DMRL_THA
This repository is dedicated to all the class assignments completed in the course Data Management and Research Cycle, Spring 2019.
Files in the repo
-
THA1 contains sample data compiled from three source datasets. These datasets are mainly about open access journals and journal rankings. In response to THA1, I also created a notebook file documenting profiles of these datasets and the sample compilation process. See THA1.ipynb.
-
THA2 contains a tentative proposal for the final project. The proposal is still in continuous evolution.
-
THA3 contains three files: an input .csv data file, a data dictionary file (in .csv format), and an output word document.
-
THA4 contains a folder and 4 files. The folder input includes 2 original data files in csv format. The workflow is instantiated in the notebook file THA4_dcf_apr26.ipynb. An abstract visual depction of the workflow can be found as THA4_Workflow.png. One output of the workflow, a merged dataset, is contained in an csv file named THA4_output.csv. The variables in the output dataset is described in detail in THA4_DataDict.csv.
-
FinalPaper contains all the input, intermediate, and output files for the final project. Here is the detailed file list, with nested bullet points indicating the tree structure of the files:
- 0_data_preprocessing includes all the files used for Step 0: data preprocessing.

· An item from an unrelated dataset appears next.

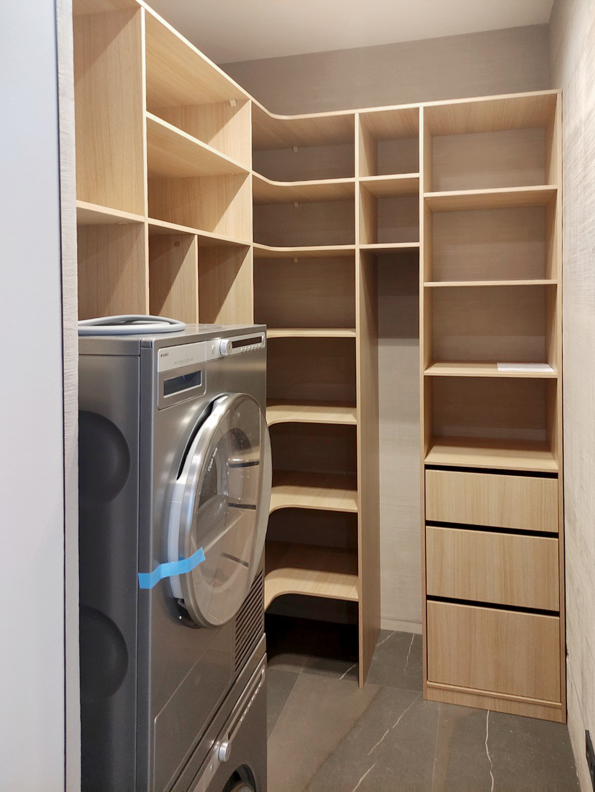 Постирочная представляет собой систему стеллажей с большим количеством мест для хранения.

All the raw datasets can be found in 0_raw.
The code for data preprocessing can be found in 1_code.
2 preprocessed datasets and a data dictionary sit in 2_output. - 1_analysis contains a R script for Step 1: data analysis.
- 2_draft contains 2 deliverables for the final project: paper proposal & final paper.
- 3_presentation contains slides for the final presentation.
- A workflow chart can also be found in the FinalPaper folder.
- 0_data_preprocessing includes all the files used for Step 0: data preprocessing.